# Pipe Sale Final Part 1



## MattT (May 31, 2017)

Going to release a decent amount of baccy here. I've been finding myself piping less and less. While I've certainly enjoyed the experience and all of the assistance from other BOTL'S on here pushing me down another rabbit hole, I feel it's time for me to exit piping and buy more cigars.

That being said, this would probably be a good starter package for anyone looking to get into it, or for someone looking to stock up. My preference is to sell it all at once.
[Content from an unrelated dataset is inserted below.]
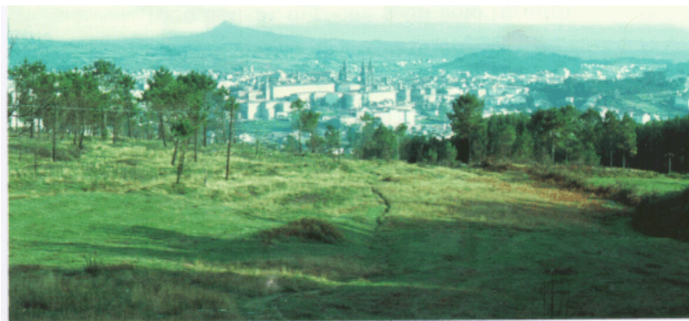
"Su herencia es hoy...un cielo figurado, la ciudad portentosa que fascina".

¡Su herencia es hoy .. un cielo figurado, la ciudad portentosa que fascina, cuya memoria tiene al alma esclava!

Price is $300 including shipping to the lower 48. PayPal F&F.

Sealed Tins

2019 Warped Kings Stride ×2
2019 Warped The Haunting x2
2018 C&D Haunted Bookshop
2018 C&D Billy Budd
2019 C&D Small Batch Carolina Red Flake
2018 D&R Racoons Delight
2015 H&H Bold Kentucky
2018 H&H Magnum Opus
2018 Dunhill Nightcap
2019 Cult Blood Red Moon
2019 Samuel Gawith Squadron Leader w/Perique 
2019 Lane 1Q
2019 Orlik Golden Sliced 
2019 Balkan Sobranie
2019 Esoterica Margate x2

Loose Bags

2019 Sutliff Christmas Spice 1 oz.
2018 Cult Blood Red Moon .5 oz.
2017 Sutliff Summer Night 1 oz.
2016 H&H El Nino 1 oz.
2019 Warped Cloud Hopper 1 oz.


Pipes, Stand, & Accessories 

Big Ben Briar Pipe
Custom Briar Pipe (Loose fitting stem)
6ct. Pipe stand with storage
2x 50ct Pipe cleaners
Hard bristle Pipe cleaners
Pipe Reamer
Pipe Nail
Multi Tool




















































Sent from my SM-F916U1 using Tapatalk


----------



## MattT (May 31, 2017)

Bump and lower to $280.

Sent from my SM-F916U1 using Tapatalk


----------



## aliasPiper (Aug 30, 2021)

MattT said:


> Bump and lower to $280.
> 
> Sent from my SM-F916U1 using Tapatalk


Matt,
I just happened upon this forum - you still have this stuff available to sell?
I have been looking for a lot of these blends - and have some money to buy 
are you willing to break this up - or is it for everything as is?
let me know
I.M.


----------



## aliasPiper (Aug 30, 2021)

I'm a 'new user' so I can't PM you directly for some reason - but I'm here


----------